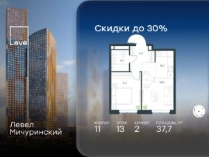 2-к, Левел Мичуринский ЖК, 11 Показать на карте
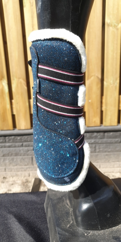 De stevige buitenschaal beschermt de paardenbenen tegen stoten en schuren, terwijl de zachte voering irritatie helpt voorkomen. Dankzij de subtiele glitterdetails krijgen de peesbeschermers een elegante uitstraling die perfect past bij een stijlvolle paardenuitrusting.
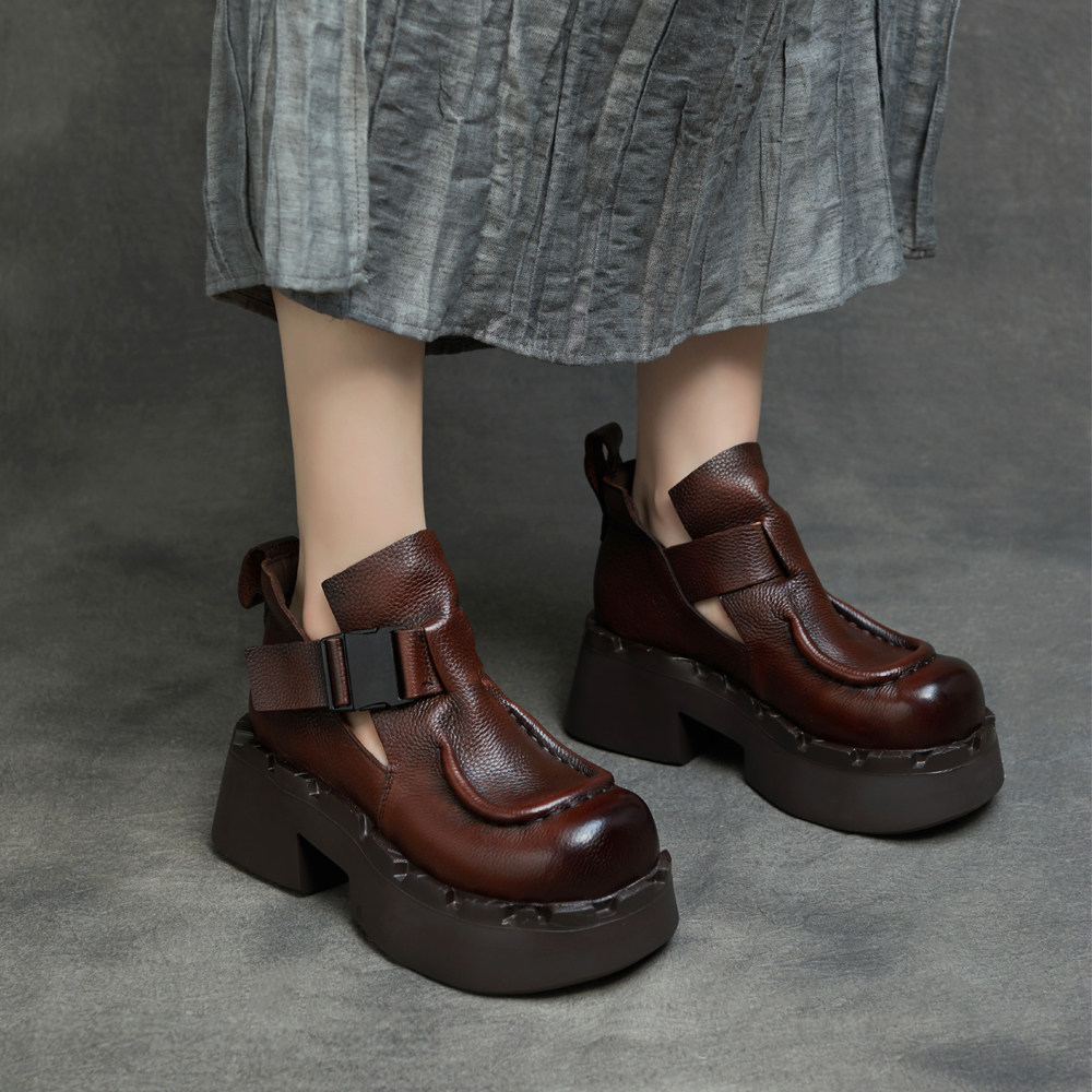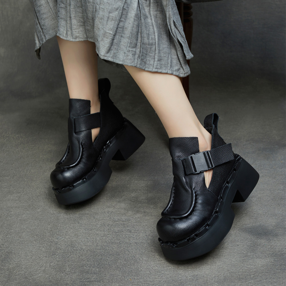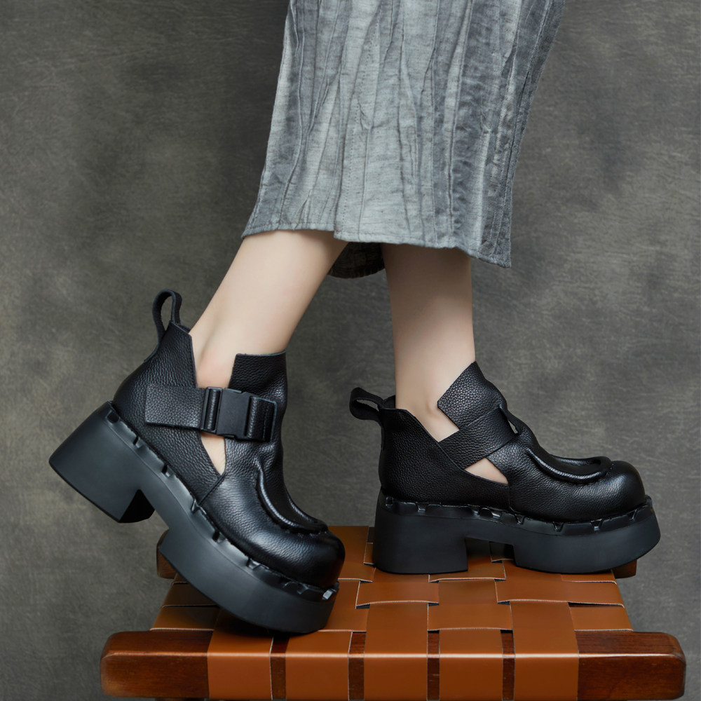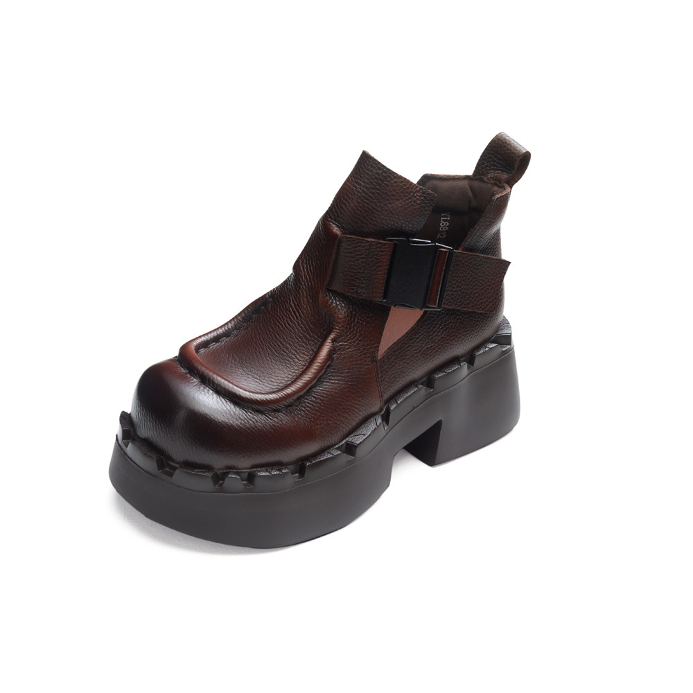 2026春季新款英伦风复古厚底短靴女春秋坡跟增高罗马靴小个子女鞋
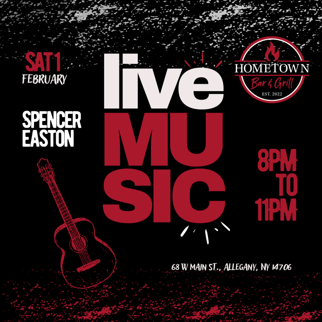 Country singer, Spencer Easton will be performing this Saturday from 8-11PM.
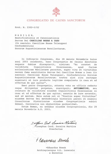 The Catholic Church recognizes the heroic virtues of individuals who have lived a life of extraordinary faith and service. Mother Dionicia and Cezilla Rossa Talangpaz were declared Servants of God, marking the first step in their journey toward sainthood. Their humility, perseverance, and devotion to Our Lady of Mt. Carmel de San Sebastian continue to inspire many, and their cause for beatification and canonization is actively being promoted.

Exercise details:
Without including any picture, set down the listing above exactly as it appears.

Task response:
 2-к, Левел Мичуринский ЖК, 11 Показать на карте
 De stevige buitenschaal beschermt de paardenbenen tegen stoten en schuren, terwijl de zachte voering irritatie helpt voorkomen. Dankzij de subtiele glitterdetails krijgen de peesbeschermers een elegante uitstraling die perfect past bij een stijlvolle paardenuitrusting.
 2026春季新款英伦风复古厚底短靴女春秋坡跟增高罗马靴小个子女鞋
 Country singer, Spencer Easton will be performing this Saturday from 8-11PM.
 The Catholic Church recognizes the heroic virtues of individuals who have lived a life of extraordinary faith and service. Mother Dionicia and Cezilla Rossa Talangpaz were declared Servants of God, marking the first step in their journey toward sainthood. Their humility, perseverance, and devotion to Our Lady of Mt. Carmel de San Sebastian continue to inspire many, and their cause for beatification and canonization is actively being promoted.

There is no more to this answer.